Une nouvelle fois, le ministre de l’économie Bruno le Maire est allé à la rencontre de ses pairs européens avec le dossier nucléaire sous le bras. Vendredi 10 septembre dernier, lors d’une réunion de l’Union européenne, il a exhorté nos voisins à compter sur le nucléaire pour atteindre les objectifs climatiques du continent. "Soit, nous luttons contre le changement climatique avec une approche idéologique et nous échouerons, soit nous luttons contre le changement climatique avec une approche scientifique et dans ce cas nous réussirons. Mais cela signifie reconnaître la valeur ajoutée de l'énergie nucléaire", a-t-il lancé.
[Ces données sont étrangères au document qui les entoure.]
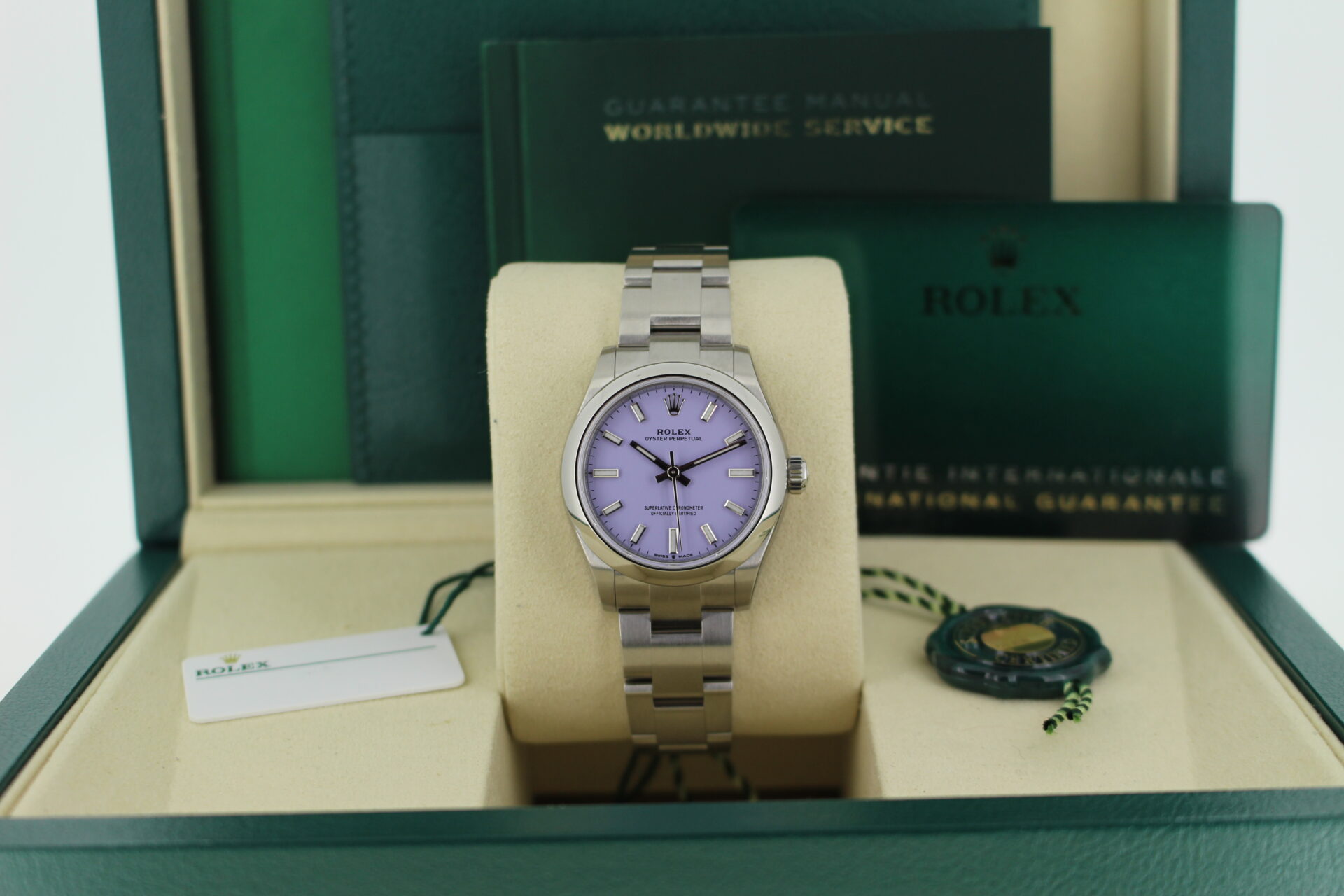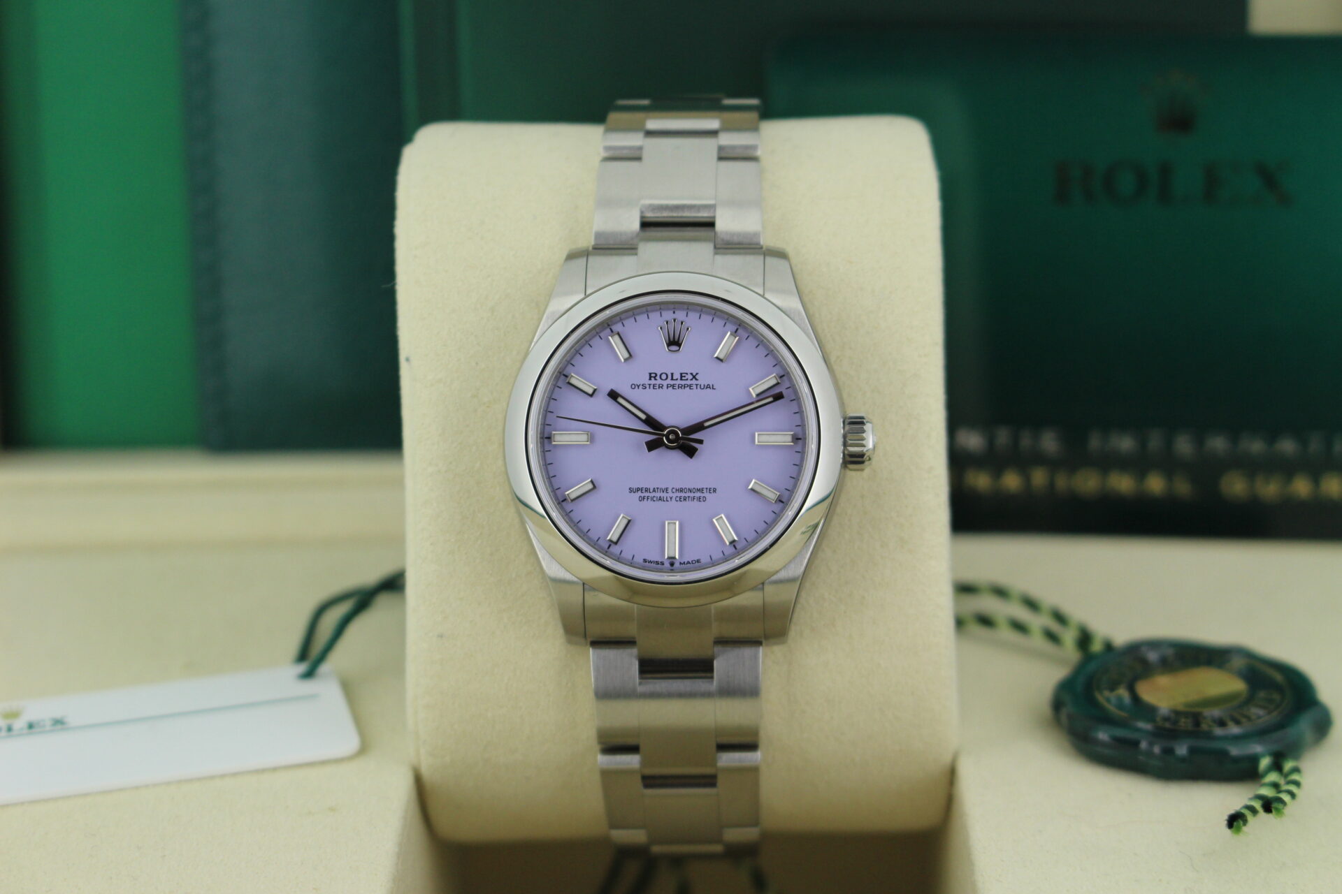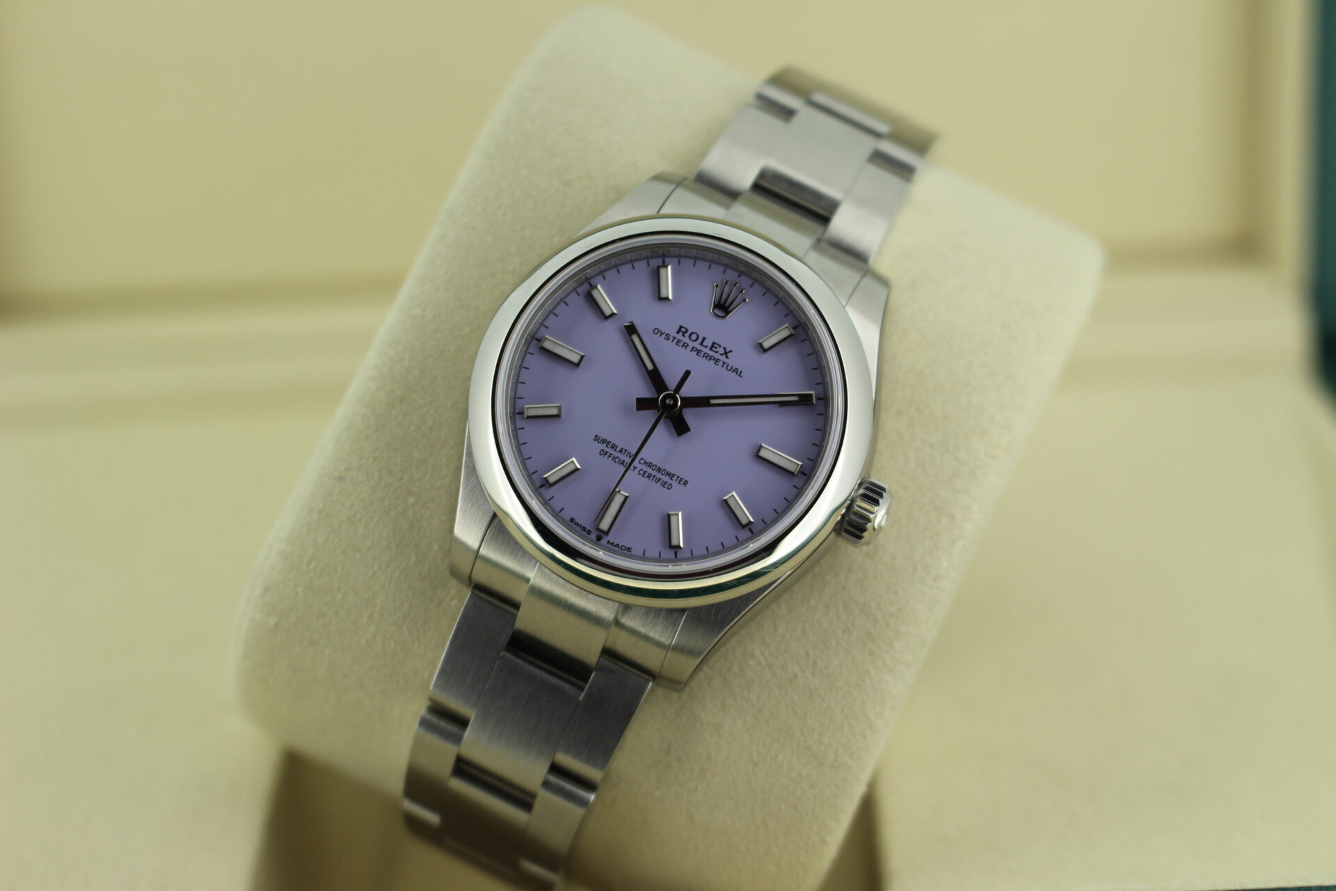 We are pleased to offer this unworn Rolex Oyster Perpetual 31mm. With a beautiful lavender dial fitted on the watch, this watch is a perfect daily wear.

Une déclaration qui ne sort pas de nulle part. Elle intervient alors que l’Union européenne vient d’émettre une obligation verte de 750 milliards d’euros, dont le nucléaire est exclu. Johannes Hahn, le commissaire au Budget, a été clair : cet argent "ne pourra en aucune manière financer des investissements dans le nucléaire". En revanche, il précise que le gaz pourra en bénéficier "sous certaines conditions pour fournir une solution de transition dans la production d’énergie".
Le sang des diplomates français n’a fait qu’un tour en voyant le méthane accepté. Un mauvais signal alors qu’au même moment la guerre franco-allemande continue de faire rage sur la taxonomie des activités vertes. Il s’agit d’un classement des activités qui participent favorablement à la protection du climat. Les Français veulent y inclure l’atome, l’Allemagne le gaz (considéré comme une énergie de transition). Pour l’instant, la Commission ne tranche pas mettant ces deux énergies de côté.
Double opportunité
Mais pour Paris, deux fenêtres d’opportunités vont s’ouvrir pour faire peser la balance. D’une part, en janvier prochain, la France prendra la présidence de l’Union européenne pour six mois. D’autre part, les élections fédérales du 26 septembre prochain vont amener au départ d’Angela Merkel. La chancelière allemande avait adopté des positions fermement anti-nucléaires depuis 2011 et l’accident de Fukushima. Même si son successeur ne sera pas beaucoup plus favorable à l’atome, il lui faudra du temps pour reprendre le poids de la dirigeante.
Dans une tribune aux Echos, Bernard Accoyer, ancien Président de l’Assemblée nationale, et fondateur de l'association Patrimoine nucléaire et climat (PNC-France) et Michel Simon le secrétaire général, ne mâchent pas leurs mots. Ils résument le message porté par la France : "L'obsession antinucléaire de la Commission européenne et de certains pays ne doit pas anéantir les espoirs de maîtriser les émissions de gaz à effet de serre. Il serait temps que la Commission européenne mette ses actes en cohérence avec les objectifs de l'Union pour le climat".
En mars dernier, c'est Emmanuel Macron qui cosignait une lettre adressée à la commission européenne au côté de six autres dirigeants européens, dont Victor Orban, Premier ministre de la Hongrie, et Mateusz Morawiecki, Premier ministre de la Pologne. Il s’agit "d’un appel d'urgence pour assurer des règles du jeu équitables pour l'énergie nucléaire dans l'UE, sans l'exclure des politiques et des avantages climatiques et énergétiques", indique le texte.